Впрочем, в аль-Ахсе воины халифа пока не видели и легендарных плодородных земель: их, по рассказам, обрабатывали тысячи и тысячи рабов. В сухой земле ковырялись обычные феллахи. Часть из них и слыхом не слыхивала ни о какой богине аль-Лат – люди испуганно показывали свои крошечные деревенские масджид. Становясь на колени, совершали омовение песком и пылью и громко произносили шахаду.

Другие оказывались – как и эти, из аль-Бара – последователями странных сект и учений. Впрочем, в последние годы лжепророки множились во всех землях халифата. Наместнику Мавераннахра пришлось умертвить одного такого: тот человек доказывал свою божественность, опуская в воду руку и вынимая ее с пригоршней золотых монет.

Однако – слава Всевышнему! – здешние радетели разнообразных видов странной дури обычно не упорствовали. Так, пару недель назад в одном большом вилаяте они обнаружили очередного пророка. Звали его Абу Хусайн. Кади строго допросил нечестивца и потребовал доказать свою божественность. В ответ наглец потребовал привести к нему самых красивых женщин: мол, он в течение часа заделает им по сыну. Таково, мол, благословение истинного пророка. В ответ аль-Мамун сказал, что красивых женщин у них с собой нет, давай, мол, мы дадим тебе красивую козу. На что Абу Хусайн искренне обиделся, встал на колени и воззвал к ангелу Джабраилу: «О господин!» – жалобно заголосил он в пыльные небеса над плоскими крышами и подсохшими полями. «Они хотят козла, а не пророка, я от них ухожу!» Конец его молитвы потонул в общем хохоте. Аль-Мамун велел отпустить плута, предварительно взяв с него клятву больше не морочить голову людям. Абу Хусайн собрал своих домашних и смирно уплелся в сторону побережья.

…Тем временем, вереща и хлеща хворостинами, бедуинские мальчишки погнали через двор стадо черно-белых коз. Аль-Мамун шарахнулся от рогатой тупой оравы и оказался припертым спиной к высокому колесу арбы. Козы, испуганно мекая и едва не топча его туфли, мелко копытили мимо.
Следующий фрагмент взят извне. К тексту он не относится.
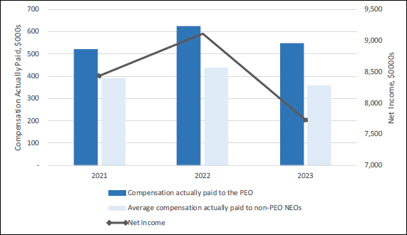 The relationship between (1) compensation actually paid to the PEO and the average of compensation actually paid to the non-PEO NEOs and the (2) net income of the Company for the last three fiscal years is shown in Figure 2.
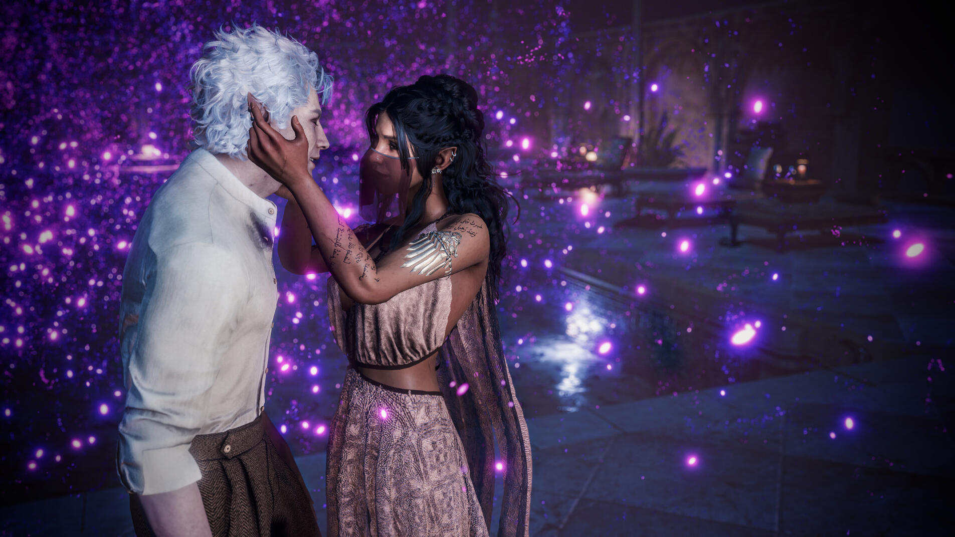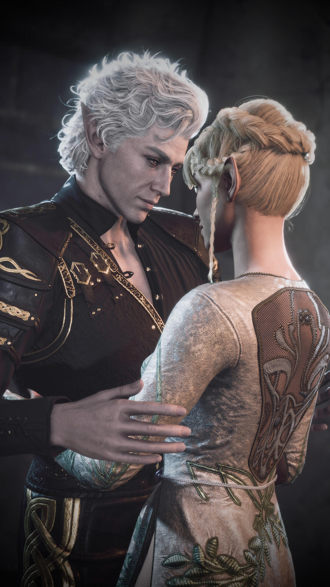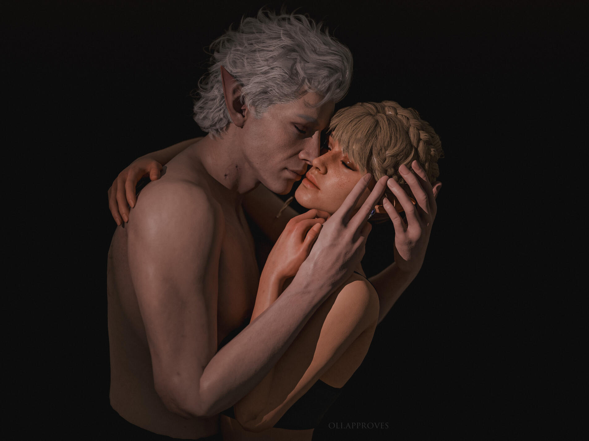 A new beginning (in-game events):Being a Bhaal's doll could have lasted for ages if not a certain incident. One day Aristen was kidnapped by a Mind Flayer's ship. She was infected with their tadpole and lost her memory. Luckily for her, there was a plane crash, which she miraculously survived and managed to escape. Now she had a new goal - to get rid of the tadpole and find out who she is. During her journey she learned the truth about her murderous origins. But she wasn't alone in this. Aristen met some loyal friends: Gale (a human wizard who was harmed by the goddess of magic, Mystra), Karlach (tiefling who, like Ari, was betrayed by the person she trusted), Lae'zel (githyanki who was deceived by her queen), Shadowheart (a priestess of Shar who rejected her goddess), Wyll (human Warlock who sacrificed a lot to save others), Halsin (an elf druid who likes to carve ducks from wood), Jaheira (half elf and High Harper) and Minsc (Jaheira's friend who considers his hamster to be his mentor). And even though everyone supported her, Aristen felt that they didn't fully understand her, they don't know what it means to be someone's puppet. Except for one person who had similar sins as her. A men who has been a plaything for the powerful vampire for over 200 years. That toy was Astarion, high elf, vampire spawn. At first, Aristen had mixed feelings towards him, but later she realized that they were two of a kind. He was the only one who truly understood her dark urge and he truly was not afraid of her. They fell in love with each other.One night the urge to kill become strong and Aristen had mighty desire to kill Astarion. Resisting her whisperings, she decided to do everything to save him. Aristen woke him up and asked him to tie her up. She felt that after such an incident the vampire would break up with her. Who would want a partner who could kill you in the middle of the night ? But no, Astarion didn't break up with her, he was with her all night, watching over her. He wasn't even mad at her. He didn't see her as a monster, but only as a normal person who had been wronged by fate - she saw him the same way. Thanks to Astarion, everything became easier and impossible things became possible.

Из любопытства заглянув через дощатый борт, аль-Мамун увидел там лежащего джунгара: видать, кто-то отдыхал после боя. Лицо воин прикрыл пыльной тканью подшлемника. Видно, оголтелая козья музыка разбудила солдата – тот приподнял край тряпки и привстал на одном локте.
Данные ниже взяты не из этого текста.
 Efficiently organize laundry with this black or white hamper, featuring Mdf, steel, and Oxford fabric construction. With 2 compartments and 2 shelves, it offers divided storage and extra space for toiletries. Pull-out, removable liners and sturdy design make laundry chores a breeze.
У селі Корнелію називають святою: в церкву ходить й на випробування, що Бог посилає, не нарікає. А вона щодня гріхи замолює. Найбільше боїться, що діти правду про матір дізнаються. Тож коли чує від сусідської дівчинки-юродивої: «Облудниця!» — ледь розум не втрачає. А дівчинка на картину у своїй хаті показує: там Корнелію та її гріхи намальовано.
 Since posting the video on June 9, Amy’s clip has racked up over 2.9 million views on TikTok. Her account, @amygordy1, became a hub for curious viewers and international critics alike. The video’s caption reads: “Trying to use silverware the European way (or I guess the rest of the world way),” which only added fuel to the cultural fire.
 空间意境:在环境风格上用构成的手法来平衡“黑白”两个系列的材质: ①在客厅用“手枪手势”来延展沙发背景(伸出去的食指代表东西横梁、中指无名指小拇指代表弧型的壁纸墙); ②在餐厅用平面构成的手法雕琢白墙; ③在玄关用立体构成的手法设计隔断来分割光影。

Разглядев лицо «джунгара», халиф строго сказал:

– Отдыхаешь, значит?

Тарик невозмутимо прикрыл морду и завалился обратно:

– Я простой ратник, мне спешить некуда.

– Злишься на меня?

– Я не баба, чтобы злобу по рукавам прятать.

– Зачем ты полез на стену?

– Я простой ратник. Куда поставили, туда и полез.

– А если б тебе размозжили голову булыжником?

– Ну, на такой случай у тебя в ларце едет особый камушек с печатью. К тому же, если б мне саданули булыжником по голове, ты бы уже ответил на все свои вопросы и успокоился.

– Какие еще вопросы?

– А про мою непобедимость.

Аль-Мамун протянул руку и сдернул ткань с лица нерегиля. Тот цапнул платок за край и злобно приподнялся:

– Что? Угадал я?

– Кто тебе сказал?

– Я сам докумекал, – прищурился Тарик. – Только вот что я тебе скажу, хренов естествоиспытатель. У тебя, как я понимаю, остался еще один непроясненный момент. Так вот – не советую.

– Что?!..

– Ты ж, небось, захочешь посадить кого-то на Гюлькара в моем доспехе. Так вот – не советую.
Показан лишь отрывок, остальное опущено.